# Makita Base 195563-0



## alpcon (Jul 25, 2020)

Hi to everyone, hope you are all well.

I have just bought the Makita 195563-0 plunge base for my Makita, corded, trimming router the RT0700 and just in case this may affect any outcome with answers I am in the UK.
I need to get guide bushes so I can use my trend hinge jig and various other jigs so my question is: - 

Which part number for the guide bush do I need that will fit the Makita 195563-0 plunge base directly for say a 16mm and 30mm guide bush??
Or - Any other make of guide bush that fits directly? 

I have come across various Makita made guide bushes of all sizes but not anywhere can i find what the actual diameter of the unit is? just the outside diameter of the bush itself and not the plate it is attached to. I believe the circular hole in the plunge base, on measuring with a tape, is 68mm in diameter but again this information I cannot find anywhere even on the Makita website.

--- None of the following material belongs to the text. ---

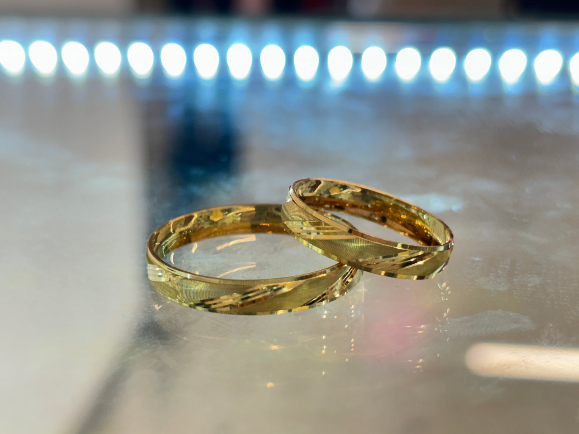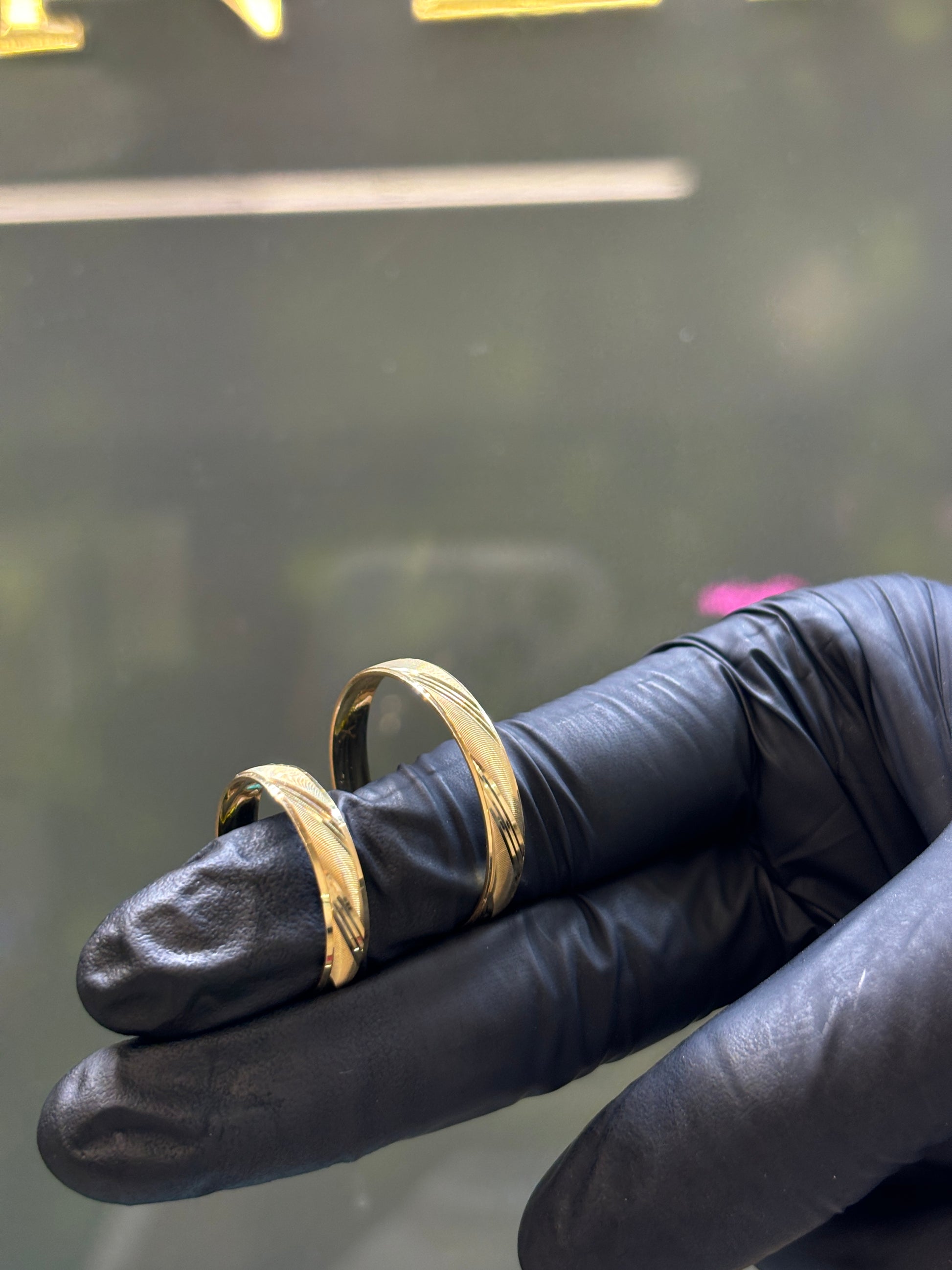 Argolla de oro 10k 4’mm ancho modelo diagonal.

Apologies for being long winded and thanks in advance for any answers:smile:


----------



## Herb Stoops (Aug 28, 2012)

alpcon said:


> Hi to everyone, hope you are all well.
> 
> I have just bought the Makita 195563-0 plunge base for my Makita, corded, trimming router the RT0700 and just in case this may affect any outcome with answers I am in the UK.
> I need to get guide bushes so I can use my trend hinge jig and various other jigs so my question is: -
> ...



If this is the base you have then the standard Porter Cable template bushings should fit.
They can be bought in sets or individually. I don't know if this link helps.

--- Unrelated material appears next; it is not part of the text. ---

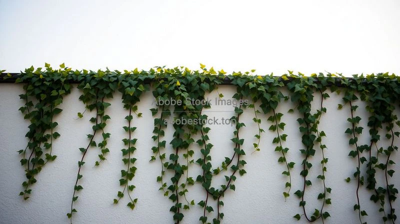 A wall of hanging ivy in soft afternoon light

https://www.routerforums.com/guide-bushings-templates/29012-metric-guide-bushes-p-c.html

https://www.amazon.com/Router-Templ...ix=METRIC+router+guide+bushing,aps,228&sr=8-2
HErb


----------



## alpcon (Jul 25, 2020)

Hi and yes that looks pretty much like the base I have.
Will check out the links and thanks very much for the help


----------



## Herb Stoops (Aug 28, 2012)

Welcome to the forum, and don't run off ,we like to hear from members in other countries doing woodworking.
Herb


----------